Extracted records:

_ _ _ _ _

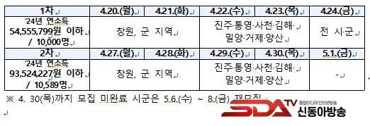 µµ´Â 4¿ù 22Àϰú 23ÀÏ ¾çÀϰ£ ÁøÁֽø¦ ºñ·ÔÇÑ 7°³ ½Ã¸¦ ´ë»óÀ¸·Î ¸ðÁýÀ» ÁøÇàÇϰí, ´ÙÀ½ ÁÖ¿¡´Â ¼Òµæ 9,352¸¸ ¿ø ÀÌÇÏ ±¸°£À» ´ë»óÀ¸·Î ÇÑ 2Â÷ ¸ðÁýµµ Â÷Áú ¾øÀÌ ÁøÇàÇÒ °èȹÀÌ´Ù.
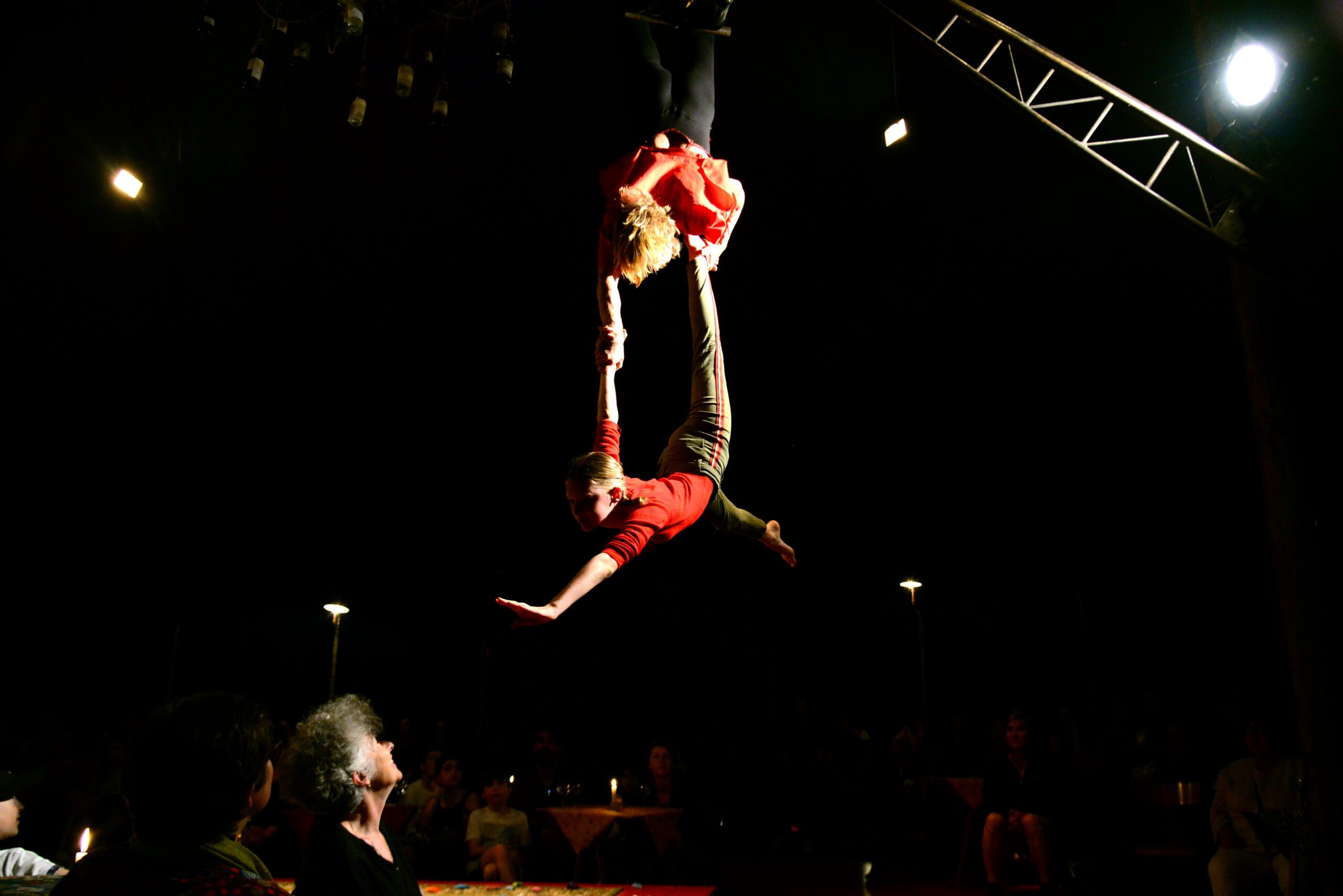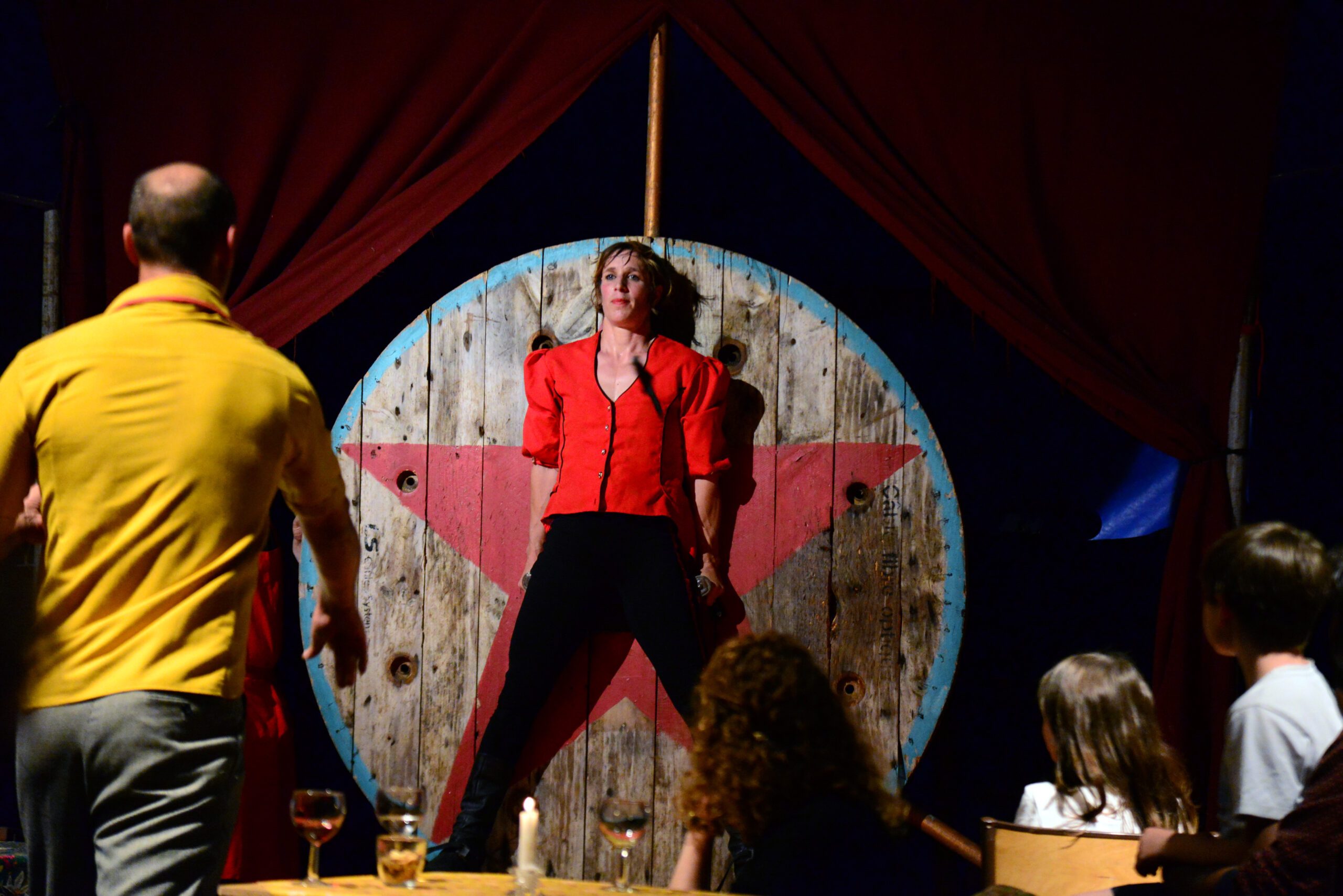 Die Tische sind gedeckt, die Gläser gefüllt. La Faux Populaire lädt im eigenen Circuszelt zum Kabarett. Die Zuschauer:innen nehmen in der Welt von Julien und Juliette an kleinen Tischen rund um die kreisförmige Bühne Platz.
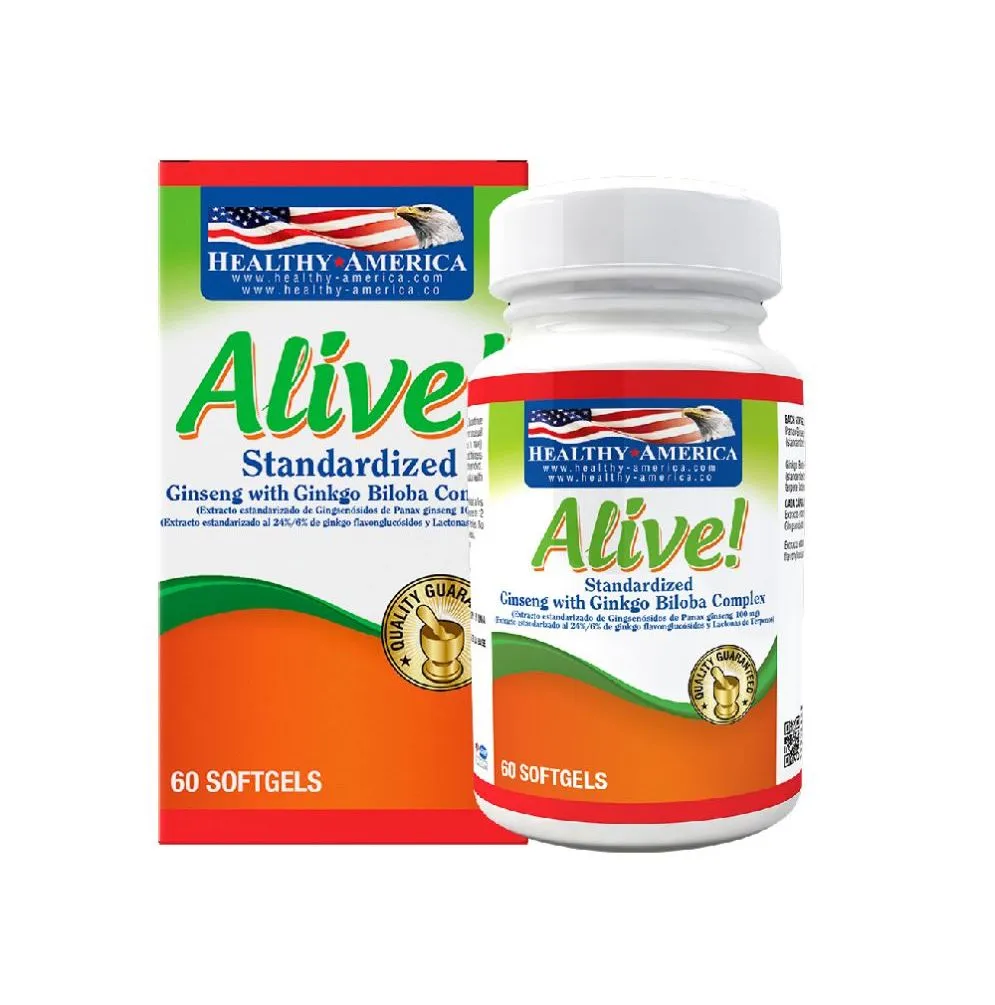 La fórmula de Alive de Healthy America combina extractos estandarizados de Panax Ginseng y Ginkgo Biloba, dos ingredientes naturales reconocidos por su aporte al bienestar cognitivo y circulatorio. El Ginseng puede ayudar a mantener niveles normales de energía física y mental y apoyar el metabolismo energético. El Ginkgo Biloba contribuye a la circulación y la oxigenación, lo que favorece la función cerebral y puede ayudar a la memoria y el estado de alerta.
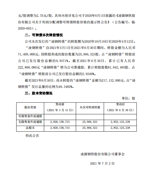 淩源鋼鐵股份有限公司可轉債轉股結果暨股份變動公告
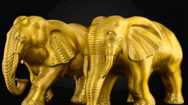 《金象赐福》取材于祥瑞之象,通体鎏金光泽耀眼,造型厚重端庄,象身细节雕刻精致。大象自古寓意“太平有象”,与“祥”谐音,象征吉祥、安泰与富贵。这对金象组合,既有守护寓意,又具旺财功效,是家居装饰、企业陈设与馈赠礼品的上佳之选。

_ _ _ _ _

### WORK TO COMPLETE
Pictures aside, reproduce all of the data exactly.

### FINAL ANSWER
 µµ´Â 4¿ù 22Àϰú 23ÀÏ ¾çÀϰ£ ÁøÁֽø¦ ºñ·ÔÇÑ 7°³ ½Ã¸¦ ´ë»óÀ¸·Î ¸ðÁýÀ» ÁøÇàÇϰí, ´ÙÀ½ ÁÖ¿¡´Â ¼Òµæ 9,352¸¸ ¿ø ÀÌÇÏ ±¸°£À» ´ë»óÀ¸·Î ÇÑ 2Â÷ ¸ðÁýµµ Â÷Áú ¾øÀÌ ÁøÇàÇÒ °èȹÀÌ´Ù.
 Die Tische sind gedeckt, die Gläser gefüllt. La Faux Populaire lädt im eigenen Circuszelt zum Kabarett. Die Zuschauer:innen nehmen in der Welt von Julien und Juliette an kleinen Tischen rund um die kreisförmige Bühne Platz.
 La fórmula de Alive de Healthy America combina extractos estandarizados de Panax Ginseng y Ginkgo Biloba, dos ingredientes naturales reconocidos por su aporte al bienestar cognitivo y circulatorio. El Ginseng puede ayudar a mantener niveles normales de energía física y mental y apoyar el metabolismo energético. El Ginkgo Biloba contribuye a la circulación y la oxigenación, lo que favorece la función cerebral y puede ayudar a la memoria y el estado de alerta.
 淩源鋼鐵股份有限公司可轉債轉股結果暨股份變動公告
 《金象赐福》取材于祥瑞之象,通体鎏金光泽耀眼,造型厚重端庄,象身细节雕刻精致。大象自古寓意“太平有象”,与“祥”谐音,象征吉祥、安泰与富贵。这对金象组合,既有守护寓意,又具旺财功效,是家居装饰、企业陈设与馈赠礼品的上佳之选。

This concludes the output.